▶ **What needs to be done**: Below are some records. Return exactly their lines from the one containing "Scatola e riscontro" through the one containing "Untenstehend sind beispielhaft", and drop the pictures.

▶ **Data in this exercise**:
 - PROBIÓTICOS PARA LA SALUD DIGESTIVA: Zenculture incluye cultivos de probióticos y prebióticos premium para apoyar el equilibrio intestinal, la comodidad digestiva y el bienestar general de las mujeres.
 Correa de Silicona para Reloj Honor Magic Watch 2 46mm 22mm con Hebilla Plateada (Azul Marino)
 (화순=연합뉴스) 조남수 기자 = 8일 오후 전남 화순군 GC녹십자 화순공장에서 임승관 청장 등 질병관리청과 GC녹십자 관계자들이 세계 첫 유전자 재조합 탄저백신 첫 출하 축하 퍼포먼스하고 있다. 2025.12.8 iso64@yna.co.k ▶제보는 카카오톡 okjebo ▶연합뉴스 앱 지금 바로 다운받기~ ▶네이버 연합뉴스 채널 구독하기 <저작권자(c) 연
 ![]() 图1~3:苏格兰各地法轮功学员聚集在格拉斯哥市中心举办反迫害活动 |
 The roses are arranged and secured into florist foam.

...

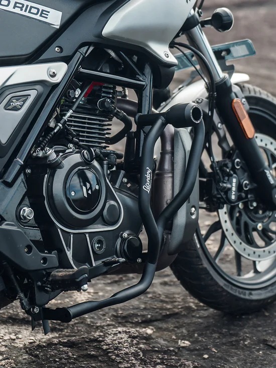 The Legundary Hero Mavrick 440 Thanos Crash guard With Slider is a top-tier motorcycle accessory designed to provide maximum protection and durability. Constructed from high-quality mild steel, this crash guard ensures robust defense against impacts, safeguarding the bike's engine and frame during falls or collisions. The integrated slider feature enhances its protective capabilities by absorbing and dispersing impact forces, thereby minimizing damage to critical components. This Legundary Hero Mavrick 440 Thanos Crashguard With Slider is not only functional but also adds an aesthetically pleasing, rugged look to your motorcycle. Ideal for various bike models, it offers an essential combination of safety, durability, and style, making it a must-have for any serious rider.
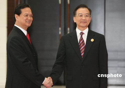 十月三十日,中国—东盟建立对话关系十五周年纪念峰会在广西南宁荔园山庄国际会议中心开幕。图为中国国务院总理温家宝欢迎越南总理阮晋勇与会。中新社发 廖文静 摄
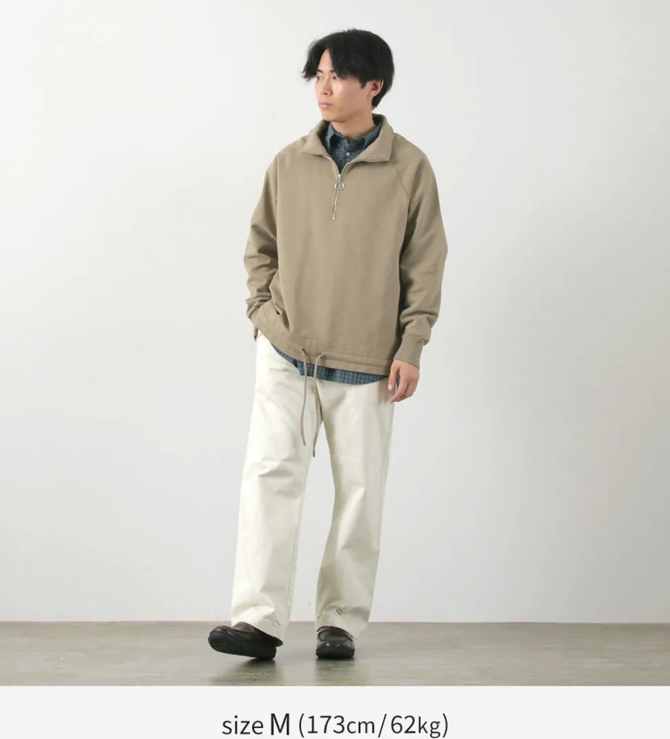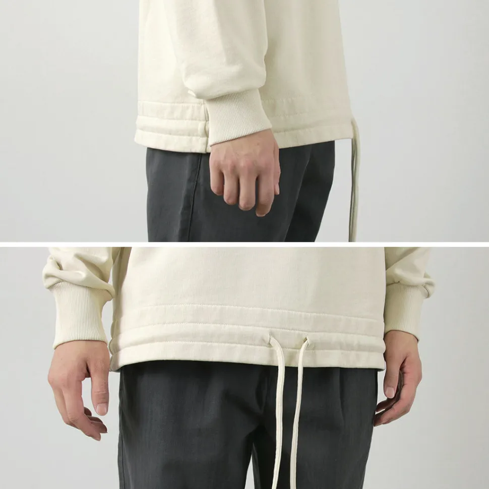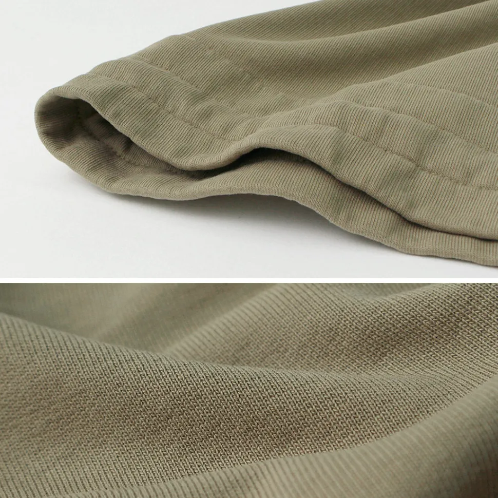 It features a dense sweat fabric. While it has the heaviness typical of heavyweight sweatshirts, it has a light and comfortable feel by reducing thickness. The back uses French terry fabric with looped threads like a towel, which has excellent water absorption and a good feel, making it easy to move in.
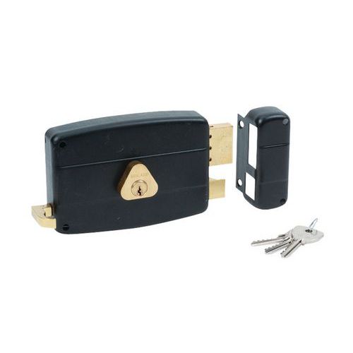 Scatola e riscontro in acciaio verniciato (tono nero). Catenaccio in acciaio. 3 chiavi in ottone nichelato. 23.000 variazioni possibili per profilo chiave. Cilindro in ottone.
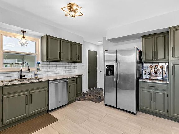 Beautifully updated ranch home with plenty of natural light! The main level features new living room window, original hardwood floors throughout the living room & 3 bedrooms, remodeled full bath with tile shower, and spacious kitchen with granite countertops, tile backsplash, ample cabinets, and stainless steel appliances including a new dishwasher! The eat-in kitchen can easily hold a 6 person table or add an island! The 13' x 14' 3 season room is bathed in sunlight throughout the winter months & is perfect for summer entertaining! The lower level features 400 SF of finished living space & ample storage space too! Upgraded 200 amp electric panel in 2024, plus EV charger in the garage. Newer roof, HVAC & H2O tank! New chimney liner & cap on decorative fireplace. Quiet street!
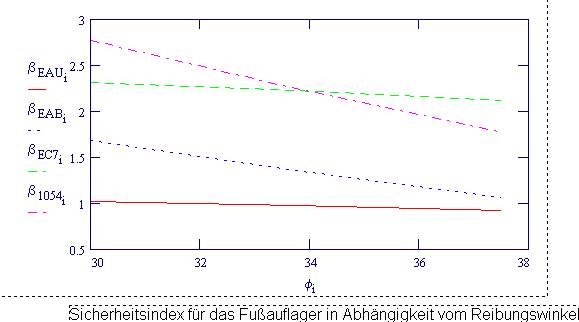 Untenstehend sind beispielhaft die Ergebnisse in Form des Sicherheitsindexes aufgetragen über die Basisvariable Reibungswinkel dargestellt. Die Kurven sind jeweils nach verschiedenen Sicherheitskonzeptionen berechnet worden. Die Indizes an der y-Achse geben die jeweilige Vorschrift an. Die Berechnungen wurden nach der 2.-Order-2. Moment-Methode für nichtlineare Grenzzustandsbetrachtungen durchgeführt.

...

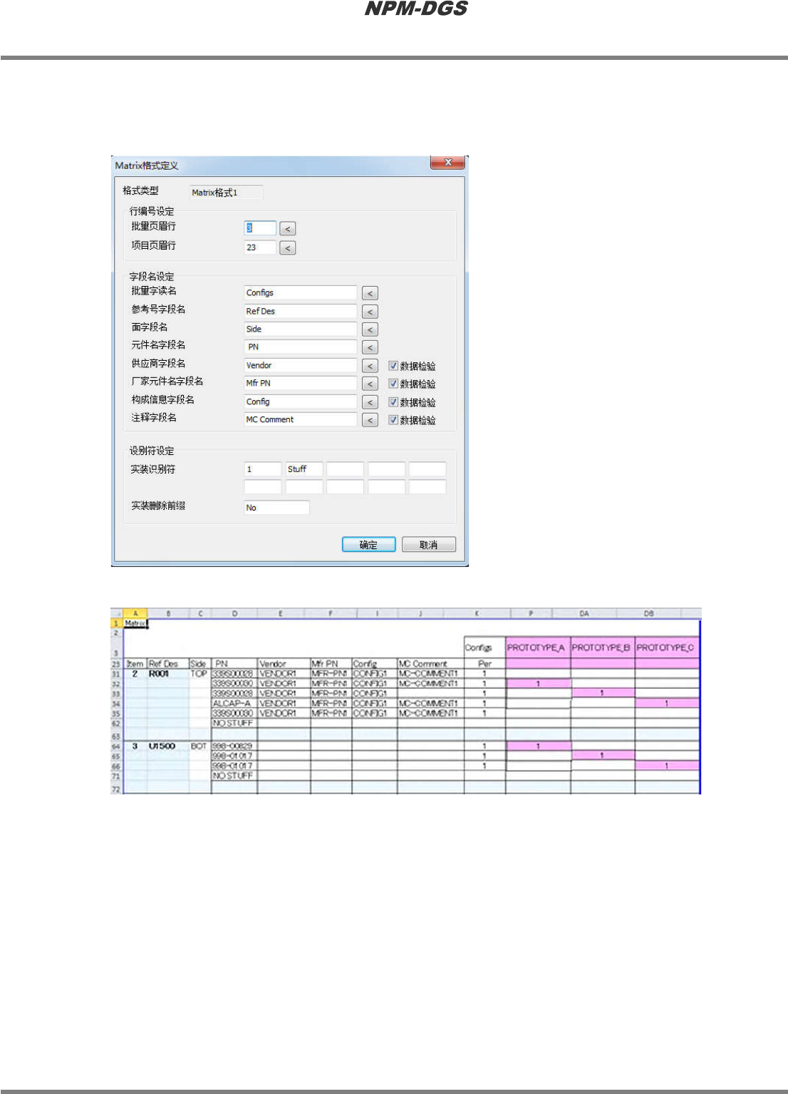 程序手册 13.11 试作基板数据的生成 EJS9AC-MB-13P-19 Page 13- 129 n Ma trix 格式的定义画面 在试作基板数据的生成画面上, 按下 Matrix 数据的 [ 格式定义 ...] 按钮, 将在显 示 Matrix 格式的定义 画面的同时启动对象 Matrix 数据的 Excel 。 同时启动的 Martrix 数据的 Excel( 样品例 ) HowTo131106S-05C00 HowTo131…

▶ **Exercise answer**:
 Scatola e riscontro in acciaio verniciato (tono nero). Catenaccio in acciaio. 3 chiavi in ottone nichelato. 23.000 variazioni possibili per profilo chiave. Cilindro in ottone.
 Beautifully updated ranch home with plenty of natural light! The main level features new living room window, original hardwood floors throughout the living room & 3 bedrooms, remodeled full bath with tile shower, and spacious kitchen with granite countertops, tile backsplash, ample cabinets, and stainless steel appliances including a new dishwasher! The eat-in kitchen can easily hold a 6 person table or add an island! The 13' x 14' 3 season room is bathed in sunlight throughout the winter months & is perfect for summer entertaining! The lower level features 400 SF of finished living space & ample storage space too! Upgraded 200 amp electric panel in 2024, plus EV charger in the garage. Newer roof, HVAC & H2O tank! New chimney liner & cap on decorative fireplace. Quiet street!
 Untenstehend sind beispielhaft die Ergebnisse in Form des Sicherheitsindexes aufgetragen über die Basisvariable Reibungswinkel dargestellt. Die Kurven sind jeweils nach verschiedenen Sicherheitskonzeptionen berechnet worden. Die Indizes an der y-Achse geben die jeweilige Vorschrift an. Die Berechnungen wurden nach der 2.-Order-2. Moment-Methode für nichtlineare Grenzzustandsbetrachtungen durchgeführt.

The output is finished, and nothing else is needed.